Life – Grudges

Written by J. Doe

Today’s post is about life. 

I just found myself realizing something very useful. 

Do you remember a time when someone did something to you, and you held that grudge against them for a long time afterward? Or that you had a hard time forgiving the person for what they did?

Right now, I’m left wondering if forgiveness and grudge are even related. Hear me out.

You probably came across the saying that the source and the action are two separate things when it comes to forgiving something. Sometimes, the action in itself should (according to morals) be the thing you judge, and the source is an independent and somewhat irrelevant character in that decision. In many incidents, the person influences the actions, and therefore the person is to blame for the action, instead of the action itself. That brings me to how one would react to such a thing. 

If the action is independent of the source, the source somehow becomes a scapegoat. But they are not that innocent. The source should be held accountable for their actions, but at the same time, one’s reactionary behavior should be according to the intent of a person. For example, if A did something to B, the anger that B would feel from the action would usually be put onto A, and not the action that A did.

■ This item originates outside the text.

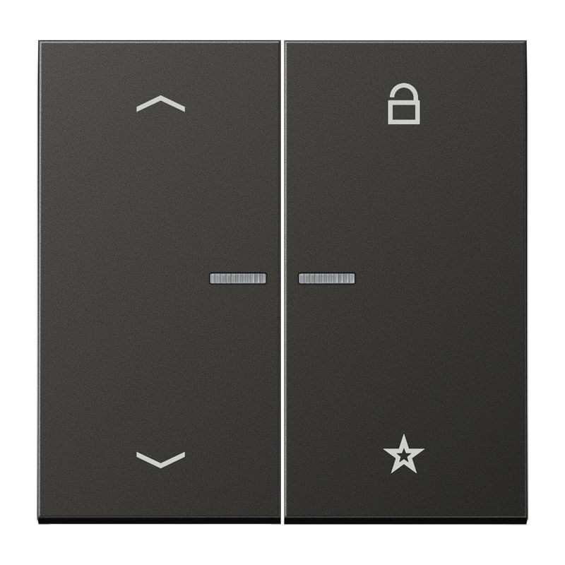 Steuertaste Universal, mit Symbolen Pfeile, mit Jalousieeinsatz Lüftungsposition des Behanges speicherbar, mit Dimmeinsatz und DALI-Taststeuergerät Einschalthelligkeit von Beleuchtung speicherbar, Sperrfunktion, 2 Schaltzeiten speicherbar (Wiederholung im 24-Stunden-Rhythmus), für Jalousieeinsätze Art.-Nrn.: 1730 JE und 1731 JE, Schalteinsätze Art.-Nrn.: 1701 SE und 1704 ESE, Dimmeinsätze 1710 DE und 1711 DE, DALI-Taststeuergerät Art.-Nr.: 1713 DSTE und Nebenstelleneinsatz Art.-Nr.: 1723, zum manuellen und zeitgesteuerten Bedienen von Jalousien, Rollläden, Markisen oder Beleuchtung
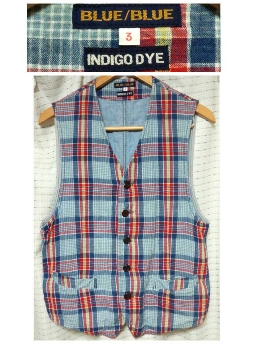 > ブルーブルーBLUEBLUEコットンリネンベストVESTインディゴ染めINDIGO DYE日本製HRM 3オクラL麻M OKURAガイジンメイドGAIJIN MADEチェック

I suggest that B should (if necessary) be angry at the act, but react according to the intent of A. If you ask me, I would say that one’s behavior should never be defined by what others deserve or don’t deserve. Your behavior should be representative of who you truly are as an individual. Do you remember the saying “be the better man”? I truly believe in that. I believe that if you choose to be authentic to yourself and what you stand for, that approach might bring you something worth more than just not regretting your reaction. It also brings you further in life in the sense that you did the best you could do in a given situation. You stood your ground but with character and dignity, and therefore you don’t have to wonder if you reacted poorly or not. The mature reaction really emphasizes one’s strength. The reason why I say this is because holding a grudge against a person usually entails an imbalance in power. Not only that, but also that the given action hurt one’s pride. For a long time, I perceived pride as being linked to ego, but I don’t anymore. I feel that pride resembles knowing your worth and knowing enough of morality to not question how we should treat each other. With respect and acceptance.

Therefore, I’m thinking, why would you hold a grudge against another person, if you reacted in the most admirable and preferable way possible? You proved that the action was beneath you, and yes, it might hurt, but it’s not worth your resentment. You hold a grudge towards a person because your pride was challenged, but if you reacted to the attack with dignity and maturity, didn’t you then do it for the sake of your pride? You came to your own rescue, so why be resentful towards the perpetrator, if you could settle with thinking less of them? The grudge is not worth your anger, which is a more powerful emotion than sadness. Sadness is deep and serious, but anger drives you to unwillingly create actions with a miscalculated intent, because anger is revengeful, whilst sadness is a reaction.

Some people say that sadness is an underlying emotion to grudge, but I disagree. I believe that sadness is almost inevitable. To be put in an unfortunate situation is often very transgressive and uncomfortable, and that leads to being anxious or nervous about the confrontation. Those feelings really know how to burn into the centerpiece of your mind and keep on disturbing your focus. It most likely made you doubt yourself or lose touch with yourself for a moment. And that feeling is reflected in the opposite end also; some people doubt themselves, while other people fight back in response. But this is not the only reason why the confrontation haunts you. The dilemma as to if it was fair or not also plays a big role in your reaction, but if it wasn’t fair, then it’s your pride that was hurt. If it was fair, but you don’t realize it, wouldn’t that be called a hurt ego?